Solutions providers are on notice to begin building a roster of partners that can deliver all of those services. But some are short-cutting the process by tapping into emerging ecosystems sponsored by big cloud vendors and service providers.

10. Born-in-the-Cloud Marketplaces:Reinventing Distribution for as-a-Service Delivery

Born-in-the-cloud marketplaces enable solutions providers to sell SaaS and, in some cases, IaaS through an Amazon-like storefront. Many even allow their marketplaces to be rebranded as customer-facing portals. In most cases, the marketplace handles provisioning and other heavy lifting so partners are free to keep doing what they do best: Sell.

11. Shadow IT Sales: Tapping Into Line-of-Business Buyers

By 2020, 80 percent of the money spent by business on information and communications technology (ICT) will bypass a traditional IT department, according to Gartner. Line-of-business executives or “shadow” ICT buyers are becoming important customers for many solution providers. What about you? Stepping into the shadow might be scary, but it will almost certainly be rewarding.

12. Thinking Vertically: Specialization Key to Differentiation

Many experts say successful solutions providers must be able to sell solutions that impact a customer’s top or bottom line. The best way to achieve this is to develop intimate knowledge of not only a customer’s business but his or her industry as well. That means developing vertical market expertise.

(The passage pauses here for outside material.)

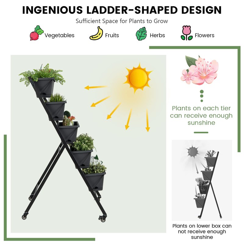 - [ 5 Container Boxes]: The vertical raised garden bed is equipped with 5 spacious container boxes, perfect for cultivating different types of vegetables, fruits, flowers, herbs, etc. Additionally, the cascading design enables plants on each tier to receive sufficient sunshine.

13. The Rise of the Virtual Enterprise: Here Come the 1099ers

A growing number of companies rely on part-time workers known as 1099ers because of the tax forms their get from employers at the end of the year. No one knows how many work in the information and communications technology (ICT) industry, but they number in the millions nationwide and are helping small, nimble companies compete for bigger projects and deals.

14. Outcome-Based Compensation:

Getting Paid for PerformanceSome in the industry are suggesting that SLAs may expand to include business outcomes. What results would be measured, by whom and how are critical questions that must be resolved. Nevertheless, the shift — even in its current form — impacts partners from supplier selection to sales to operations.

15. Agent-VAR Partnering:Reaching a New Level

Master agencies are starting to partner with leading IT distributors to implement a one-to-many recruiting approach. All recognize two things: 1. the importance of connectivity to IT and cloud solutions sales, and 2. replicating a telecom sales (quoting and ordering) machine is not easy. It wouldn’t come as a surprise should one or more of these relationships go to the next level — acquisition — in 2015.